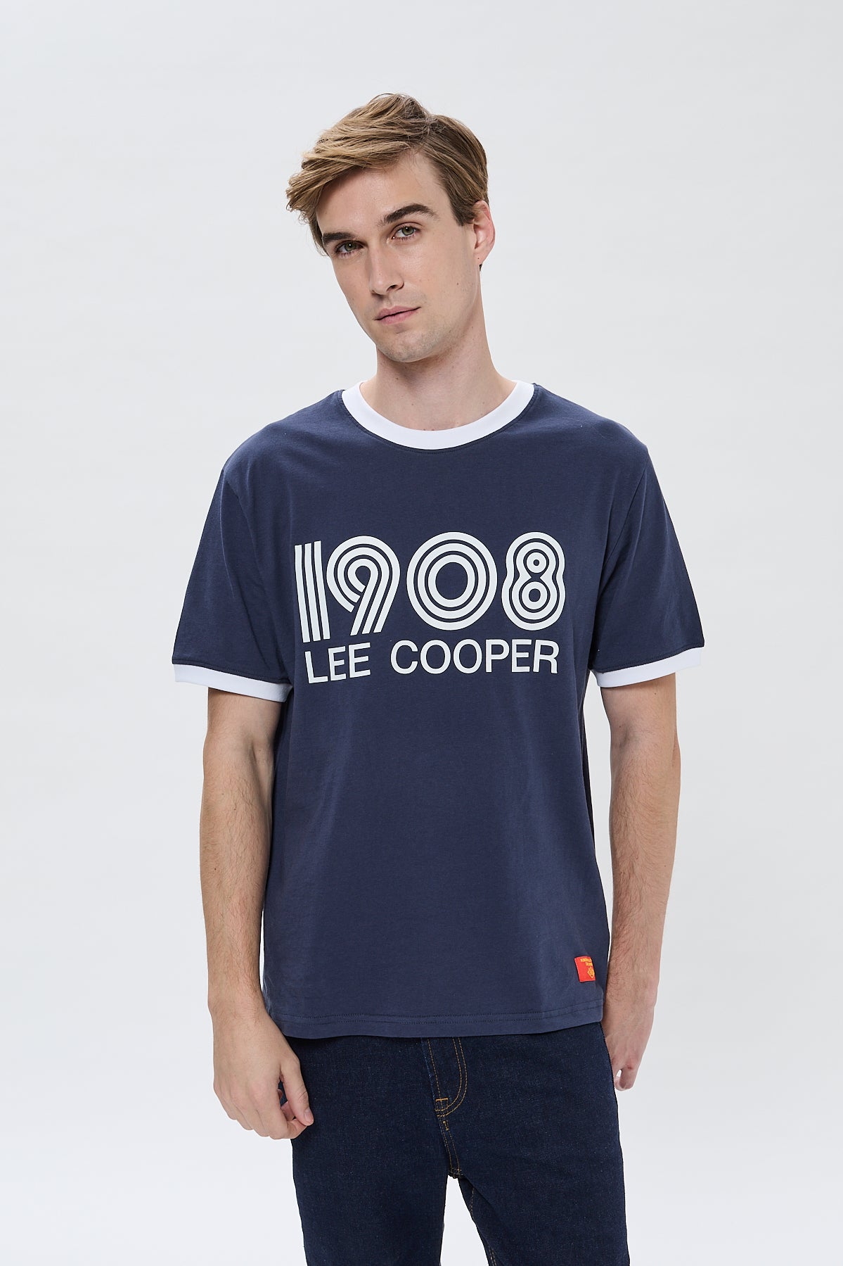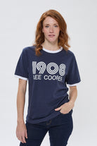 Featuring a crew neck and short sleeves highlighted with contrasting red details, it draws inspiration from the retro sports cuts that were emblematic of the era. On the chest, the inscription "1908 Lee Cooper" is presented in a vintage typography inspired by disco posters, a bold nod to the brand's historical roots.
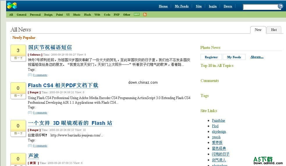 4.支持站点和时间分类,Tags浏览,单独页面浏览,并运用了ajax技术
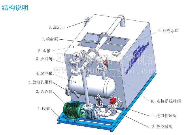 FPZJ九游(中国)水喷射真空机组以离心泵为工作动力,通过喷射泵使速度能转换成压力能,在喷射泵吸口处形成真空,可抽吸干空气,可凝性气体、水蒸气、水,由于该产品全部采用改性增强聚丙烯塑料,特别对酸碱等腐蚀性气体有很强抗腐性能,该产品广泛应用于制药、纺织、食品、环保、化工等行业上的真空吸收、真空结晶、真空浓缩、真空干燥、真空输送等工艺。

——————

*Your goal*: With pictures excluded, restate word for word the lines from the one that contains "4.支持站点和时间分类,Tags浏览,单独页面浏览,并运用了ajax技术" through the end of the material, inclusive, and nothing more.

*Answer to this exercise*:
 4.支持站点和时间分类,Tags浏览,单独页面浏览,并运用了ajax技术
 FPZJ九游(中国)水喷射真空机组以离心泵为工作动力,通过喷射泵使速度能转换成压力能,在喷射泵吸口处形成真空,可抽吸干空气,可凝性气体、水蒸气、水,由于该产品全部采用改性增强聚丙烯塑料,特别对酸碱等腐蚀性气体有很强抗腐性能,该产品广泛应用于制药、纺织、食品、环保、化工等行业上的真空吸收、真空结晶、真空浓缩、真空干燥、真空输送等工艺。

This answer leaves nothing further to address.